What you return must match the listing exactly, with every image removed.

INFORMATION PROVIDED
____

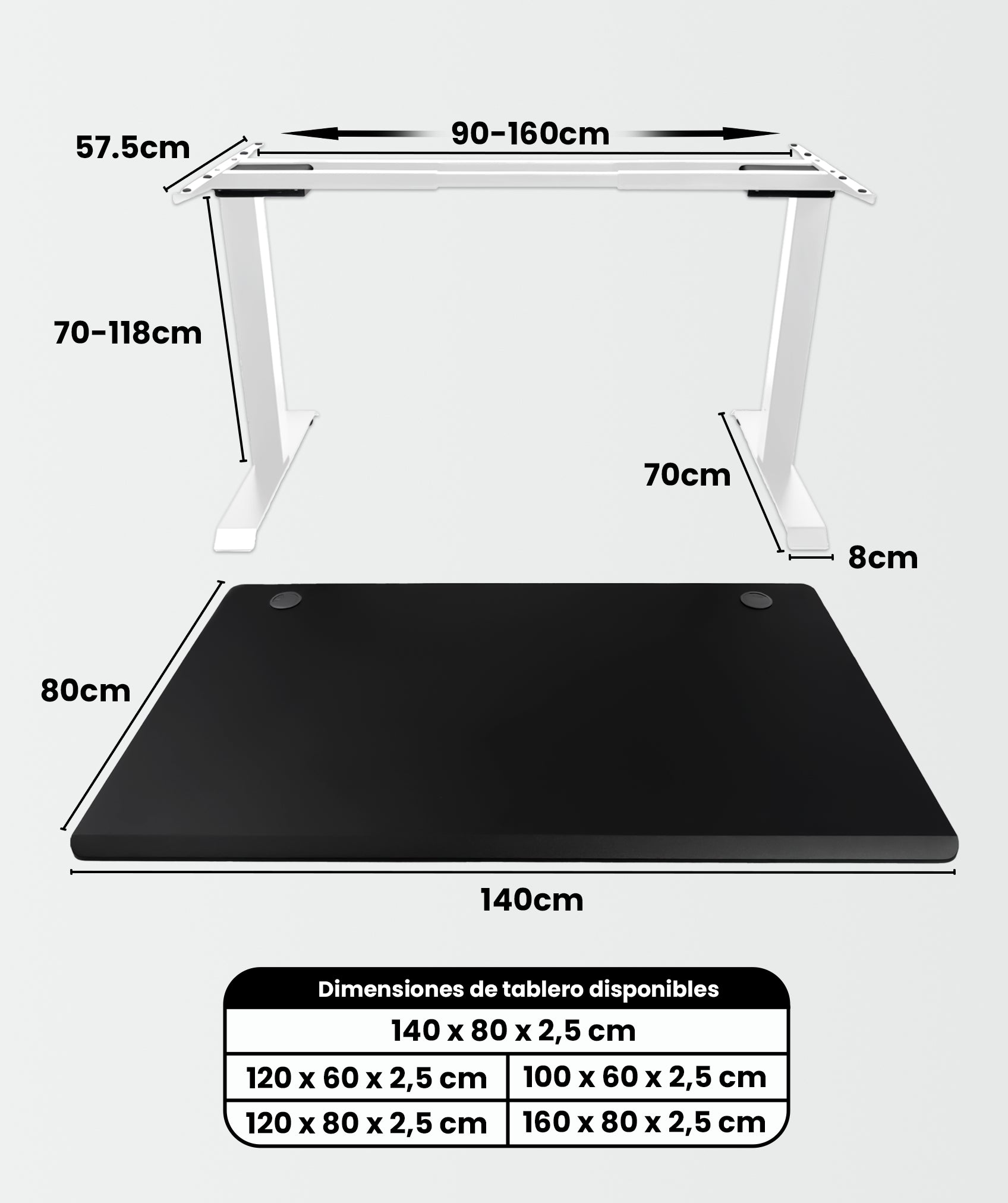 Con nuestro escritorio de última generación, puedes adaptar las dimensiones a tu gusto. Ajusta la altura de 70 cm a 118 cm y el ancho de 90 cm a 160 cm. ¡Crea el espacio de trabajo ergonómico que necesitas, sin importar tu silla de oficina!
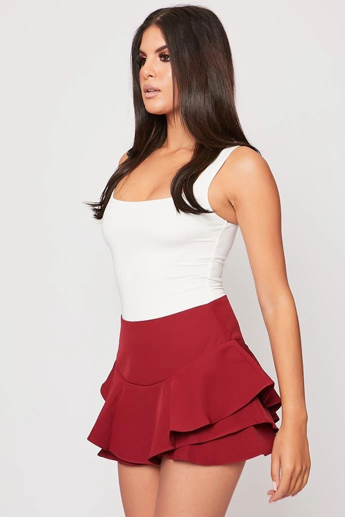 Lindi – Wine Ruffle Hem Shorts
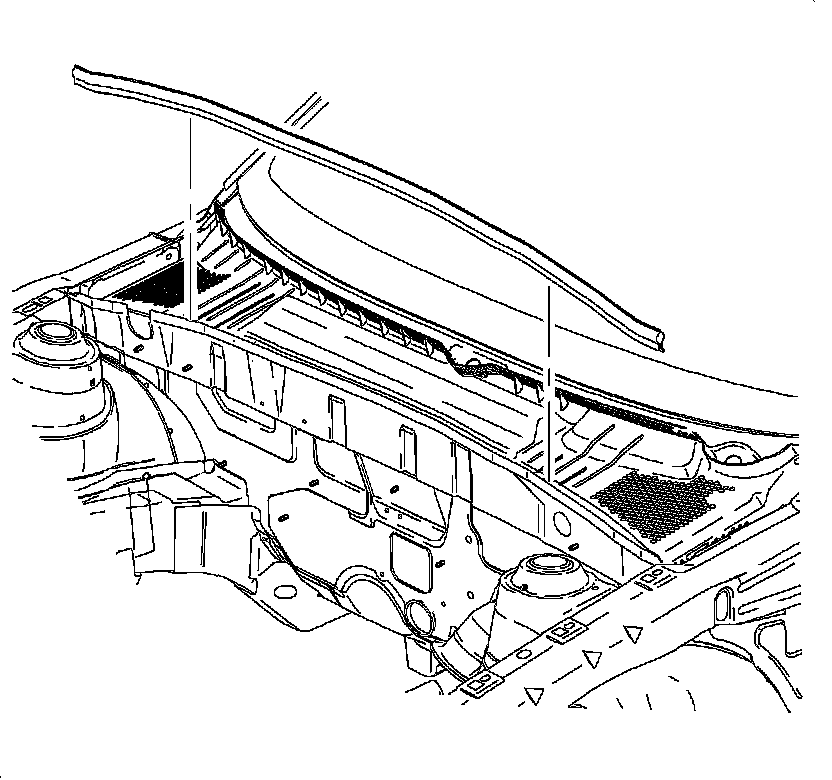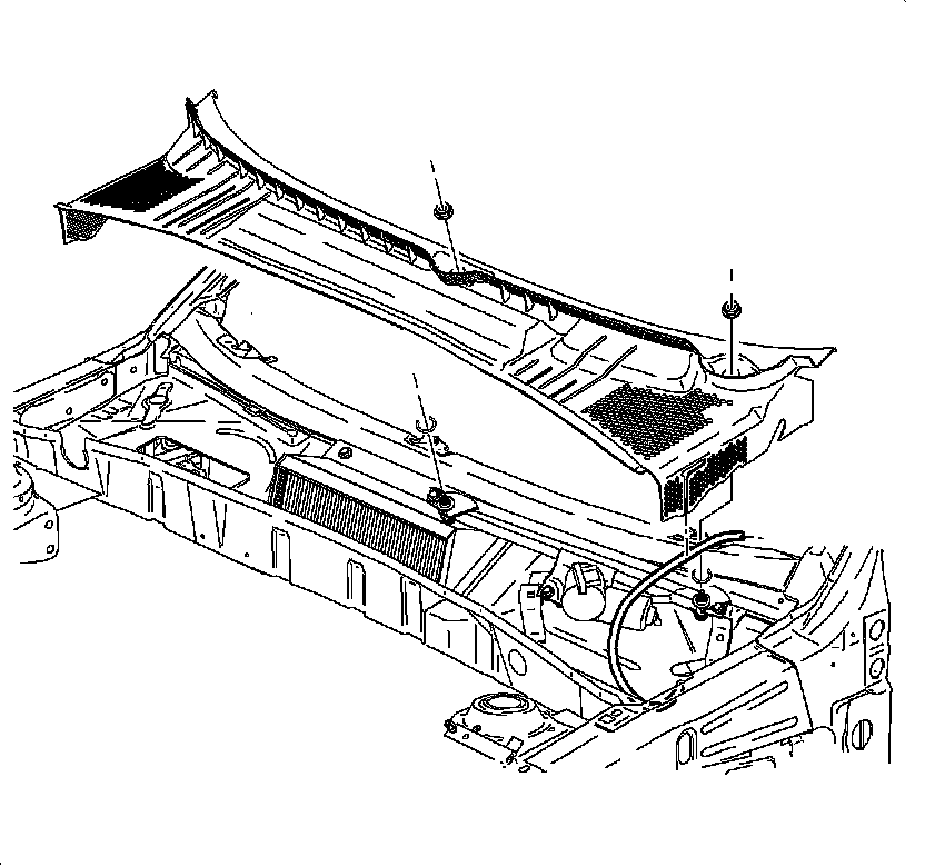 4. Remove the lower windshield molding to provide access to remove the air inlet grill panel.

____

YOUR RESPONSE
 Con nuestro escritorio de última generación, puedes adaptar las dimensiones a tu gusto. Ajusta la altura de 70 cm a 118 cm y el ancho de 90 cm a 160 cm. ¡Crea el espacio de trabajo ergonómico que necesitas, sin importar tu silla de oficina!
 Lindi – Wine Ruffle Hem Shorts
 4. Remove the lower windshield molding to provide access to remove the air inlet grill panel.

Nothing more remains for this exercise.